Provided material —
****
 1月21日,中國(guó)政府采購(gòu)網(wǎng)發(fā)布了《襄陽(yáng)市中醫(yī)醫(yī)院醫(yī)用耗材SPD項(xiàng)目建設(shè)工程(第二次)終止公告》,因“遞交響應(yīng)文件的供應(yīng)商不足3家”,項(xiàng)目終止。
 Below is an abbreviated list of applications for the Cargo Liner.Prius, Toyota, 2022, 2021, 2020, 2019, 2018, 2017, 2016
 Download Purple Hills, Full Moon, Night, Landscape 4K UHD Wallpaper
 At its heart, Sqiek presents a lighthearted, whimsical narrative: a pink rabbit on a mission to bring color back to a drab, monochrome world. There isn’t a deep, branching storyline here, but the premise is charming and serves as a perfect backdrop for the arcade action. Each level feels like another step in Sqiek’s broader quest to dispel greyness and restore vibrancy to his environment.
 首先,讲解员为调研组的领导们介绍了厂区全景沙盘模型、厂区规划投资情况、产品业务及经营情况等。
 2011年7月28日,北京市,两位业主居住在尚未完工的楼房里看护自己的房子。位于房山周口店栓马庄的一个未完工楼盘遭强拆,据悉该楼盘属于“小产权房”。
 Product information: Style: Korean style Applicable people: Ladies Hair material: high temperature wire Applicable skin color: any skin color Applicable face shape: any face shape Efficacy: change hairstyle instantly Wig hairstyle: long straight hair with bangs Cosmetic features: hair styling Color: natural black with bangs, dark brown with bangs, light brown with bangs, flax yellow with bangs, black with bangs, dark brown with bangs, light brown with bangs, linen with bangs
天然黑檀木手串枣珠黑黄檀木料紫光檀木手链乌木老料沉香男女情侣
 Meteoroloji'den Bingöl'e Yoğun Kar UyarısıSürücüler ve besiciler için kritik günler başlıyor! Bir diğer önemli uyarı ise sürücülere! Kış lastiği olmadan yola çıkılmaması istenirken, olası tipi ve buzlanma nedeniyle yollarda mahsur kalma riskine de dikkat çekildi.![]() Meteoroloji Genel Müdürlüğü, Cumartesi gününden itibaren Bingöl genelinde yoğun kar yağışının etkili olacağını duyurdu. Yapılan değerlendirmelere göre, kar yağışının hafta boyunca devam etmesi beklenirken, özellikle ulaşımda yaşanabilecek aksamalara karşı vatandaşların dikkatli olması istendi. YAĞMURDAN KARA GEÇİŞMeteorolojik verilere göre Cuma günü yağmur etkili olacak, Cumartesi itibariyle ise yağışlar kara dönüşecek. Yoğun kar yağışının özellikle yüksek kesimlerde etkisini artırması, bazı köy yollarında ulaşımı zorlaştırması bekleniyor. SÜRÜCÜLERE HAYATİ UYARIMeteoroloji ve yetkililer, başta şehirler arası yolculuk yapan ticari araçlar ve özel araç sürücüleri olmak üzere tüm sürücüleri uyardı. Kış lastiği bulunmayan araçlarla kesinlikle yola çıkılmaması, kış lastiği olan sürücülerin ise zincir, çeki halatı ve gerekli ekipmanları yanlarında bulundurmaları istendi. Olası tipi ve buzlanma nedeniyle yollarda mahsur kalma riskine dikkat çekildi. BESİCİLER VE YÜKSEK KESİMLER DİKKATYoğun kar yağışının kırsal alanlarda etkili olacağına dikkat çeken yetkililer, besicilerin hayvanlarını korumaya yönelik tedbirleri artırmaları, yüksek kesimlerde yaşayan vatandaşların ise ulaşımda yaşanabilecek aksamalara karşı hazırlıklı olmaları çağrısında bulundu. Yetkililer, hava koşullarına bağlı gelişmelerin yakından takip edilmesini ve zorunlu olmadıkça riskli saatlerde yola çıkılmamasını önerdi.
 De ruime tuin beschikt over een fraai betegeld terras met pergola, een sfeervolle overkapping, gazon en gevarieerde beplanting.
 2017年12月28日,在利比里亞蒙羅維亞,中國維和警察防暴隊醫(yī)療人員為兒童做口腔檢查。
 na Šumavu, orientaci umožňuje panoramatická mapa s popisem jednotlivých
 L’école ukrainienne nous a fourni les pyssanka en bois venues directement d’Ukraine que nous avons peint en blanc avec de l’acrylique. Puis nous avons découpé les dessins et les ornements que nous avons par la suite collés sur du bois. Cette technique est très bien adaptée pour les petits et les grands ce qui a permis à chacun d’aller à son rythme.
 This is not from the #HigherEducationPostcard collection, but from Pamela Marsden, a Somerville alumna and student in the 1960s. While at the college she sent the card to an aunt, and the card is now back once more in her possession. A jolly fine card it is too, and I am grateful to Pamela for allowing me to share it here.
****
What is being asked — What you give back should be exactly the lines of the data above from the line with "2011年7月28日,北京市" through the line with "天然黑檀木手串枣珠黑黄檀木料紫光檀木手链乌木老料沉香男女情侣", both of those included, and nothing more.

Answer to this problem —
 2011年7月28日,北京市,两位业主居住在尚未完工的楼房里看护自己的房子。位于房山周口店栓马庄的一个未完工楼盘遭强拆,据悉该楼盘属于“小产权房”。
 Product information: Style: Korean style Applicable people: Ladies Hair material: high temperature wire Applicable skin color: any skin color Applicable face shape: any face shape Efficacy: change hairstyle instantly Wig hairstyle: long straight hair with bangs Cosmetic features: hair styling Color: natural black with bangs, dark brown with bangs, light brown with bangs, flax yellow with bangs, black with bangs, dark brown with bangs, light brown with bangs, linen with bangs
天然黑檀木手串枣珠黑黄檀木料紫光檀木手链乌木老料沉香男女情侣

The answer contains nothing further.